Strict infection control measures, adequate use of antimicrobial agents, and appropriate use of invasive procedures could be important preventive measures in decreasing the incidence of A. baumannii infections [17]. Development of innovative control strategies and enforcement of aggressive infection control measures should be implemented to limit the spread of these MDR pathogens [15, 23].

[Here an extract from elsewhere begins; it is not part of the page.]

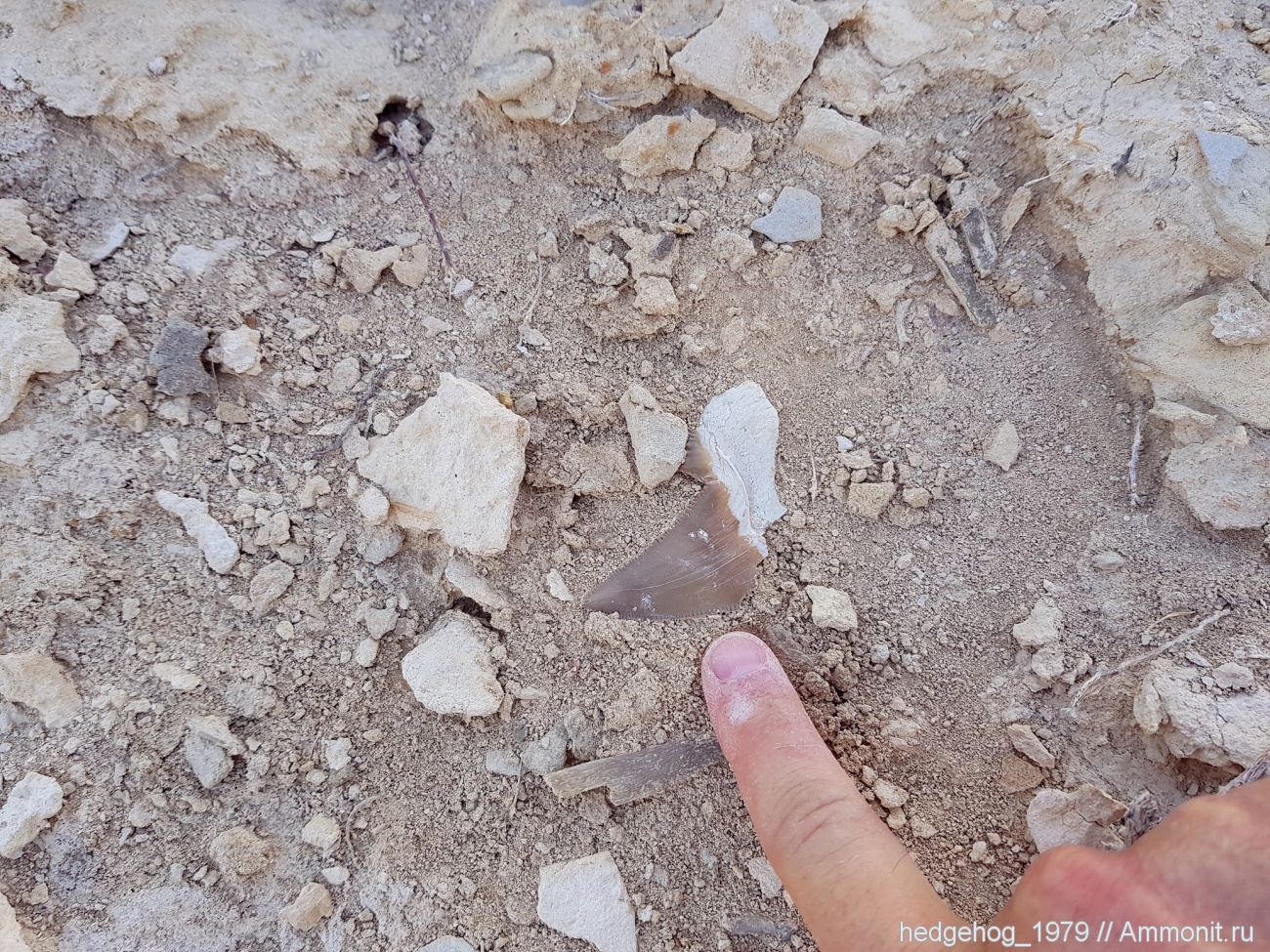 Шорымская свита, Местонахождение Усак, п-ов Мангышлак; найден 21.09.2017. Возраст: Кайнозой, Палеоген, Эоцен, Бартон (41-38 млн. лет). Высота зуба: 55 мм.

Infections caused by A. baumannii are associated with considerable attributable mortality and the prognosis of such infections varies considerably [19, 21]. Good prognosis is associated with local infection or trauma, absence of MDR strains, medical conditions other than malignancy or burns as well as prompt and efficient antimicrobial therapy [6, 11]. Poor outcome is associated with: burns or malignancy being the underlying medical condition, age more than 65 years, presence of virulent strain or MDR organism, late or inappropriate antimicrobial therapy, disseminated intravascular coagulation or coagulopathy, bacteremia or septic shock, mechanical ventilation, and rapidly progressive or ultimately fatal illness [6, 10, 11, 14, 16]. Pneumonia, bacteremia, and inappropriate therapy are associated with high mortality [19, 21]. Mortality rates in patients with A. baumannii bacteremia range from as low as 5% in general wards to as high as 54 to 63% in ICUs. The overall mortality associated with A. baumannii bacteremia ranges between 25 and 54% and depends on the physical condition of the patient. Even in critically ill patients, certain studies have shown that the attributable MR to A. baumannii bacteremia varies between 7.8 and 19% [6, 10, 14, 27]. The ultimate outcome of A. baumannii infections correlates well with the type of underlying medical illness, polymicrobial bacteremia, and appropriate antibiotic therapy [11].

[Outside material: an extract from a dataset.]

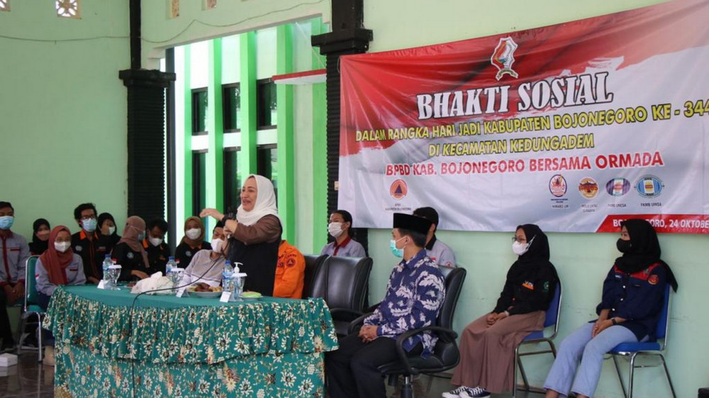 Bojonegoro - Bupati Bojonegoro Anna Mu'awanah saat beri sambutan dalam kegiatan bakti sosial di yang digelar Badan Penanggulangan Bencana Daerah (BPBD) Kabupaten Bojonegoro, bekerjasama dengan Organisasi Mahasiswa yang Kuliah di Luar Bojonegoro (Ormada), di Kecamatan Kedungadem, Minggu (24/10/2021), berharap kepada para mahasiswa yang sat ini kuliah di luar Bojonegoro, nantinya turut berperan dalam meuwujudkan Sumber Daya Manusia (SDM) yang unggul di Kabupaten Bojonegoro.
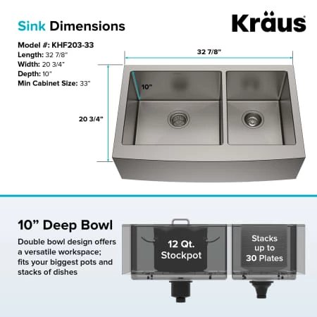 - FREE Accessories: Protective bottom grids (x2), premium 3-piece basket strainer set, drain assembly with strainer, Kraus kitchen towel

The patient presented was severely immunocompromised due to having high-risk AML, the repeated cycles of cytotoxic chemotherapy given to control her primary refractory leukemia, the conditioning chemotherapy and radiotherapy given just before HSCT, and the immunosuppressive therapy administered following her stem cell allograft. She also suffered serious infective complications following the induction and salvage cycles of chemotherapy. The CVC was an additional predisposing factor for her A. baumannii bacteremia. Administration of imipenem and removal of the CVC, which could have been the source of infection in the absence of a clear clinical focus, were vital to control the bacteremic episode. Prompt intervention with hydration and stat doses of the second-line empirical antibiotics reversed her septic episode and prevented the need for higher level of care in the ICU.

4. Conclusion

Acinetobacter infections predominantly occur in immunocompromised patients and chronically ill individuals. These infections are variable in severity and clinical presentation but may be lethal. CVC-related infections are common in patients with hematologic malignancy receiving immunosuppressive therapies. Increasing levels of resistance to several classes of antimicrobial agents are a real concern. Early administration of appropriate antimicrobial therapy and removal of the source of infection, if found, are essential to control such infections.

Conflict of Interests

The authors declare that there is no conflict of interests.


The authors are grateful to all medical, nursing, and technical staff at KFSH in Dammam, Saudi Arabia, who participated in the management of the patient presented.